#### Raw data:
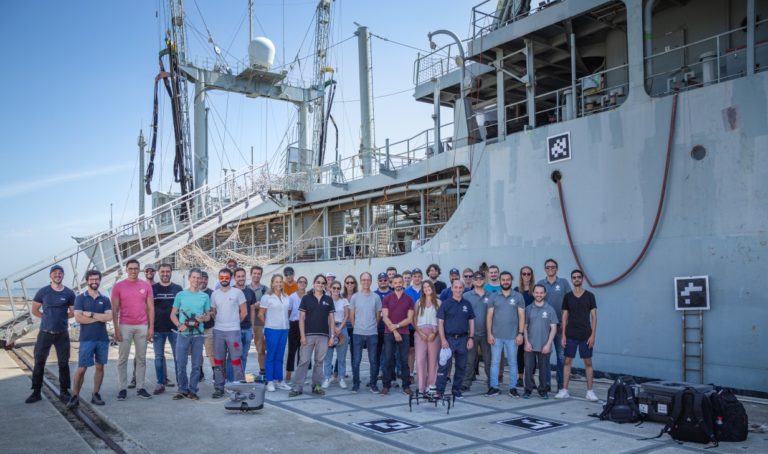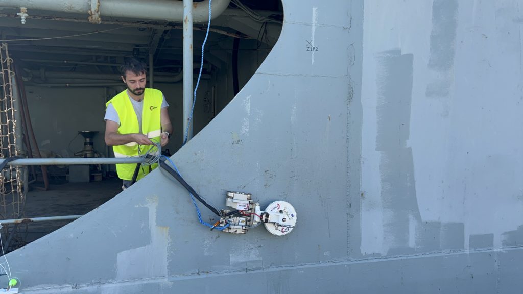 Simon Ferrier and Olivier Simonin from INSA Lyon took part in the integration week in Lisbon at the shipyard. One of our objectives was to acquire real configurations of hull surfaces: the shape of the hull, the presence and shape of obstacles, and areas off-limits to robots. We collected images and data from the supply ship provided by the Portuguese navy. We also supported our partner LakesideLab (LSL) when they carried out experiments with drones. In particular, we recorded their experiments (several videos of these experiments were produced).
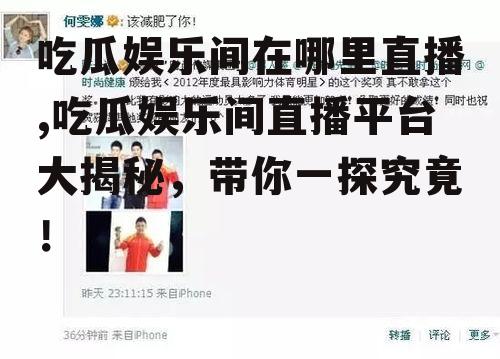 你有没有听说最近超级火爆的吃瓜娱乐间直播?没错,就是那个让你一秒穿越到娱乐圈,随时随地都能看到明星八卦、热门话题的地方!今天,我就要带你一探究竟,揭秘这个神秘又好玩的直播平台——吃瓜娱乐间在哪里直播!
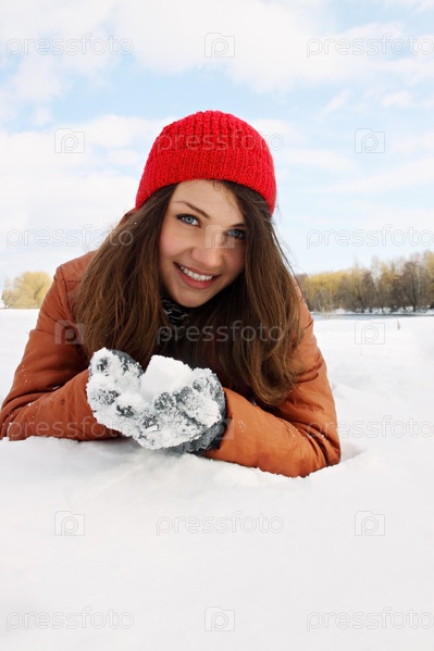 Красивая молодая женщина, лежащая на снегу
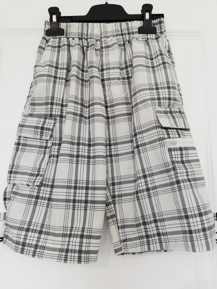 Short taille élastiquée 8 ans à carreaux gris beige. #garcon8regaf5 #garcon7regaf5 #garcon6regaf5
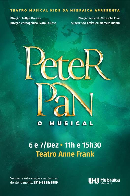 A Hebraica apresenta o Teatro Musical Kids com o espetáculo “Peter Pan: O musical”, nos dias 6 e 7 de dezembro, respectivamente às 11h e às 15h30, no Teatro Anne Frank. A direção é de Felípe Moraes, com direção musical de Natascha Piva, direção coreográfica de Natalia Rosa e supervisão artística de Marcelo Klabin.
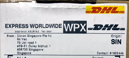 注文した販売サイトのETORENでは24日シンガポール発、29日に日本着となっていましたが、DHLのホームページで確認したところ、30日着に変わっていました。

#### Required work:
Each line from the one containing "A Hebraica apresenta" through the end of the listing is to be set down exactly, with all pictures left out.

#### Task answer:
 A Hebraica apresenta o Teatro Musical Kids com o espetáculo “Peter Pan: O musical”, nos dias 6 e 7 de dezembro, respectivamente às 11h e às 15h30, no Teatro Anne Frank. A direção é de Felípe Moraes, com direção musical de Natascha Piva, direção coreográfica de Natalia Rosa e supervisão artística de Marcelo Klabin.
 注文した販売サイトのETORENでは24日シンガポール発、29日に日本着となっていましたが、DHLのホームページで確認したところ、30日着に変わっていました。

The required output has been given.